『エール』 VS 本当の話ー3 古関裕而の性格
第3回目は、古関裕而の性格についてです。
(写真はNHKのスタジオにてハモンド・オルガンを弾く裕而。本番中?)
初回の「エール」を見て、僕は目を疑い、耳を疑いました。。
まさか冒頭から、こんなビックリな、フィクションとは言え、よくもこんな全くあり得ない話を作るものだと、唖然とし先行きどうなるのかと、一時は暗澹たる気持ちになりました。
冒頭の、昭和39年10月10日、国立競技場での東京オリンピック開会式当日、自分の作曲したオリンピック・マーチの演奏が始まる前の裕一の緊張ぶりです。なんとトイレに籠って吐いてしまう! 全く??? 不可解な話です。
自分の渾身を込めた自信作の演奏を前に、心地よい緊張感はあるかも知れませんが、不安に怯えるような、苛まれるような心境など有るわけがないです。
プロの一流の作曲家として、あり得ない設定です。
実際には開会式当日、招待されていたのは父一人で、父は貴賓席の下の招待席で、愛用の8ミリカメラで開会式の様子を撮影するのに夢中でした。
父はよく、謙譲という鎧で全身を固めたような人とか、穏やかでいつもにこにこしていて優しい人、などと言われます。そして軽い吃音の気もあるので、話下手で、物静かで、そして控えめでありました。
しかし気弱ではないし臆病でもなく、むしろ真逆と言っていいでしょう。
社交的ではありませんが、と言って内向的ではありません。普通です。
東北人らしい粘り強さ、我慢強さと強い意志を持ち、吃音気味であっても、請われれば喜んで講演でも座談会でもテレビ出演でもこなしていました。

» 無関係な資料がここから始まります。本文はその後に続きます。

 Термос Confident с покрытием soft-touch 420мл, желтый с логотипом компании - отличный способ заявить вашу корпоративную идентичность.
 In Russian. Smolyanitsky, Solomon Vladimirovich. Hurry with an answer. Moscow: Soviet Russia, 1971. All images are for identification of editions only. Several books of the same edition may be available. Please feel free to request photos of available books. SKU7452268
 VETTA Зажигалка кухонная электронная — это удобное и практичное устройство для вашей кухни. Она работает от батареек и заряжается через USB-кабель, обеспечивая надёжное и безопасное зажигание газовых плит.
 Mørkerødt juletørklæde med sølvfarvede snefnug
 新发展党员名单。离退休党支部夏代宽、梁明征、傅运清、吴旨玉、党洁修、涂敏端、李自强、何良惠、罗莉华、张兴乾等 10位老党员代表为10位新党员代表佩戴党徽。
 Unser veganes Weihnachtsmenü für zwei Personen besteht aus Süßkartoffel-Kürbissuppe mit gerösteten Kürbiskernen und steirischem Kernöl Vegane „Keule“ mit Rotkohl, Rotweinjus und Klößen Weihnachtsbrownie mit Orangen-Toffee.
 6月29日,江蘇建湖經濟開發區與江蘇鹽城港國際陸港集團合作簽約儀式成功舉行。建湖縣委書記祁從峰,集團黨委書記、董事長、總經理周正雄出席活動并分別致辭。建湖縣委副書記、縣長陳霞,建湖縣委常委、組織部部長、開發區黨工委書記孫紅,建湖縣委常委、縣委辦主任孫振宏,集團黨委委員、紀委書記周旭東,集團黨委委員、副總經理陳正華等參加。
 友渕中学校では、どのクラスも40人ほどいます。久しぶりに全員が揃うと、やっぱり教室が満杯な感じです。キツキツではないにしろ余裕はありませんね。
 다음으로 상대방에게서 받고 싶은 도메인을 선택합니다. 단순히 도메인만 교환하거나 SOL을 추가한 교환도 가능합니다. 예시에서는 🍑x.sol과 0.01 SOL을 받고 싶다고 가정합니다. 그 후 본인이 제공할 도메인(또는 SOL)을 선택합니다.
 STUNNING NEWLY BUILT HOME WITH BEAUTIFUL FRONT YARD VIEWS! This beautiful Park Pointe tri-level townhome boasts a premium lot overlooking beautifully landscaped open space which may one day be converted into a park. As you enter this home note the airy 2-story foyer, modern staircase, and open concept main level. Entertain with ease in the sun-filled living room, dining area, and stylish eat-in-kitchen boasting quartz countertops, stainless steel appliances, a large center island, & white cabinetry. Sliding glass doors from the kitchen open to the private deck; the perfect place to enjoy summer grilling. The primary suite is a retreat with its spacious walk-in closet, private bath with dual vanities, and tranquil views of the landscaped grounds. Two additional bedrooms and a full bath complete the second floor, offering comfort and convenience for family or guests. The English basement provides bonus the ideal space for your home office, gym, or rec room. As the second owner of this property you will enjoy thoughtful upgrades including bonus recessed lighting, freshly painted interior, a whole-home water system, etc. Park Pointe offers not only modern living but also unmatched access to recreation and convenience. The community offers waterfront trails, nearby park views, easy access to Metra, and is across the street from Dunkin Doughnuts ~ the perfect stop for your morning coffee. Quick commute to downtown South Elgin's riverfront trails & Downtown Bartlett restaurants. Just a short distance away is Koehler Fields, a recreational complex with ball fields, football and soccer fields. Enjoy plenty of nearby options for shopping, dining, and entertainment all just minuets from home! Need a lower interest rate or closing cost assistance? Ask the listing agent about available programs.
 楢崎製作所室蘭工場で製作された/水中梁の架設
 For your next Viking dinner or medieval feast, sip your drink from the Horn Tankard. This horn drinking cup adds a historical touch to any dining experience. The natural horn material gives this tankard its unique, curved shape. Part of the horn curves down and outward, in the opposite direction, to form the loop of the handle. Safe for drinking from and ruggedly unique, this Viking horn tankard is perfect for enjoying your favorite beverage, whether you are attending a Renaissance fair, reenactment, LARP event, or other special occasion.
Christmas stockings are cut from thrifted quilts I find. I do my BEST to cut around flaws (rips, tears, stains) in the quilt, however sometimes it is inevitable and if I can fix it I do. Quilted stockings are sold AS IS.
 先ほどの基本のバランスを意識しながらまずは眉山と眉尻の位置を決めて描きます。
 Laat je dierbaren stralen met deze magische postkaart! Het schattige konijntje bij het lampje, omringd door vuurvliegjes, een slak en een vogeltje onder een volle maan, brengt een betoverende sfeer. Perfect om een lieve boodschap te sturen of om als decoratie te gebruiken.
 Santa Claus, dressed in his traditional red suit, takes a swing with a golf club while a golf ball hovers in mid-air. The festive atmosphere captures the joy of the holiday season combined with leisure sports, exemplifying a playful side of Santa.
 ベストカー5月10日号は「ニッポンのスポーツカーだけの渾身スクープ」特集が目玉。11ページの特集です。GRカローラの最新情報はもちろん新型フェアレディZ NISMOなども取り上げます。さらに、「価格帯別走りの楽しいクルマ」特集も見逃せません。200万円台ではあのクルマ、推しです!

物おじせず、プレッシャーには強く、とくに一発本番のようなときに一番本領を発揮する、そんなタイプでした。芸術家(そして実は父は理科系の頭脳の持ち主ですが)らしい、柔軟でしなやかな強い精神力の持ち主でした。そして自己を厳しく律することが出来る人でした。
自宅で一人で仕事をしていると、ちょっと息抜きしたくなって、そのままさぼってしまう、などということは、僕などしょっちゅうですが、父は、仕事中ちょっと息抜きにテレビなどを見に2階の書斎から下りて来ても、見終えればさっと書斎に戻っていました。そのオンオフの切り替えは見事でした。
ですから「エール」での主人公裕一の気弱そうな感じの描き方は気になりますが、でもそこは音の強さと裕一の弱さを対照的に描こうという意図的な演出なのでしょう。
今後の展開を見ないと分かりませんが、「エール」と実際との一番の違いは、そこではないかと思います。